I quarantacinque membri dello staff che al momento fanno parte dell’agenzia svedese contro le fake news, divisi in tre diversi dipartimenti (uno amministrativo, uno operativo e uno di capacity building) con sedi distaccate a Solna e Karlstad, si occuperanno di fatto di condurre studi e ricerche tematiche, anche eventualmente collaborando con realtà simili di altri paesi.

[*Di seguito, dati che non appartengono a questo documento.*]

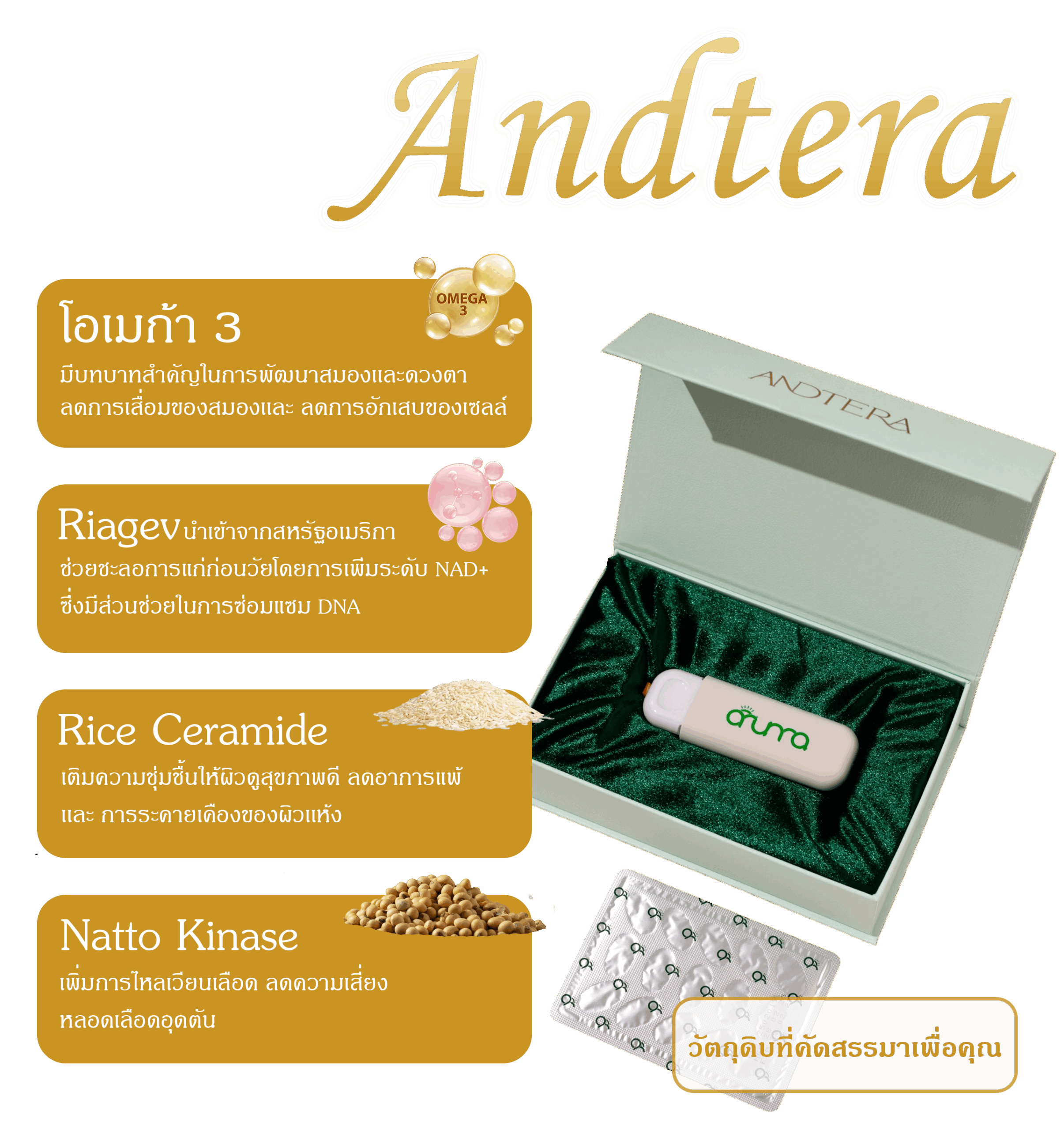 โดยมุ่งดูแลถึงระดับ เทโลเมียร์ (Telomere) ซึ่งเป็นตัวชี้วัดความอ่อนเยาว์ของเซลล์ ช่วยให้เซลล์แข็งแรงและฟื้นฟูได้ดีขึ้น เหมาะสำหรับคนยุคใหม่ที่ใส่ใจสุขภาพ โดยไม่ต้องกินหลายตัว เพราะอาหารเสริมสูตร Andtera กล่องนี้ รับมือทุกปัญหาความชราที่มาก่อนวัย

Tra le varie attività, dovranno anche sperimentare metodi ed esercizi utili allo scopo di garantire a ogni fetta di popolazione un’adeguata media literacy e, inevitabilmente, intervenire operativamente in caso ci siano soggetti o attività che minaccino l’integrità della democrazia svedese, specie in momenti critici della vita del paese come saranno le elezioni generali per eleggere il nuovo Riksdag (il parlamento svedese) in programma a settembre 2022.

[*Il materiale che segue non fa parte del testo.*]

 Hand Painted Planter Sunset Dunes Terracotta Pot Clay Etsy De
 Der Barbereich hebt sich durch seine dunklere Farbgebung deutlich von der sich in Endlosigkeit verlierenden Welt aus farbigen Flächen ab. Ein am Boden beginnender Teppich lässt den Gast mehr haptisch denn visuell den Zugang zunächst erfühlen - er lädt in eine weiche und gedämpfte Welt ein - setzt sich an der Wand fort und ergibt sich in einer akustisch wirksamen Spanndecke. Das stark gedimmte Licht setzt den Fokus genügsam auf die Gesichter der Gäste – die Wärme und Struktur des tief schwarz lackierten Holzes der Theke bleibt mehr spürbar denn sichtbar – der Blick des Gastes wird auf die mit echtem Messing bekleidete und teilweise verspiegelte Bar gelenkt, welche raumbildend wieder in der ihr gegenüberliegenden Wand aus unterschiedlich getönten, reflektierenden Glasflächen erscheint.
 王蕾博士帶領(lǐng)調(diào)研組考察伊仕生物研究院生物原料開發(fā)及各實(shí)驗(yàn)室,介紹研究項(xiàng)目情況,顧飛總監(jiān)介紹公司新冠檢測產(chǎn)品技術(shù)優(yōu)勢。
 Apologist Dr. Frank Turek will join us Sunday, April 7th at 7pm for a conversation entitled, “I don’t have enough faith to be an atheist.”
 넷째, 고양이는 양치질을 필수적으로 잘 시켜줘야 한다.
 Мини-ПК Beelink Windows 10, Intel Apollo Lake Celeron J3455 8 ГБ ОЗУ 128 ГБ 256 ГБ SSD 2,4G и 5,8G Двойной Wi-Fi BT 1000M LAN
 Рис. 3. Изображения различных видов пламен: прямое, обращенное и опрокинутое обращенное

È ancora The Washington Post a far notare, infatti, che la Swedish Psychological Defence Agency nasce giusto in tempo per garantire, da organo finanziato dal governo quale è, il corretto svolgimento delle elezioni e un clima elettorale che sia il più disteso possibile[2]. Sebbene l’agenzia svedese contro le fake news non sembri aver preso posizioni ufficiali riguardo a chi siano i “super-diffusori” di bufale che minacciano l’infosfera e la qualità dell’informazione nel paese, è probabile che la sua azione di controllo riguardi soprattutto eventuali soggetti esteri che provino a interferire con il risultato delle elezioni, come riporta la testata.

Almeno dai tempi dello scandalo Cambridge Analytica, governi nazionali e piattaforme digitali sempre più orientate alla via dell’attivismo anche politico sembrano preoccupati di garantire l’integrità del voto proprio tenendo conto di come la guerra dell’informazione giochi un ruolo critico in questo senso e di come quelle che sono a tutti gli effetti campagne di disinformazione architettate ad arte e portate avanti dai più disparati soggetti – si pensi a tal proposito a cosa è successo alle presidenziali americane 2020 con il voto via posta – possano influire sulla stessa.

La Swedish Psycological Defence Agency non è sola nella sua lotta alle fake news elettorali, ma servirà?

L’azione della Swedish Psycological Defence Agency si somma alle policy che all’interno delle big tech ormai regolano dettagliatamente l’accesso alle sponsorizzazioni da parte dei soggetti politici, alle linee guida che le stesse hanno su fact-checking, etichette per la segnalazione di informazioni e media manipolati e ban temporanei dei loro autori, ma anche all’attività di altri organi pubblici che si sono dati e si daranno come missione quella di vigilare sulla qualità dell’informazione, specie in momenti critici per la vita associata di un paese come sono appunto gli appuntamenti alle urne di qualunque natura.

L’agenzia svedese contro le fake news non è infatti unica nel suo genere: qualche mese fa si è diffusa la notizia della creazione di un osservatorio europeo sulla disinformazione, anche se il taglio di quell’organo è più teorico e accademico; in Italia più volte su impulso ministeriale sono nate task force di esperti contro bufale e cattiva informazione; in Francia Macron[3] si sarebbe attivato per la creazione di un’agenzia governativa per difendere, proprio come fa quella svedese, i risultati delle elezioni dai tentativi di manipolazione sistematica.

Il leitmotiv di queste iniziative e forse quello che potrebbe non renderle tanto efficaci quanto si spera? Un approccio quasi “paternalistico”, come sottolinea The Washington Post, che non fa i conti con l’evidenza che tra le migliori soluzioni contro le fake news c’è investire sulla cultura prima di tutto, come ha fatto chi insegna già ai bambini a scuola a riconoscere le bufale.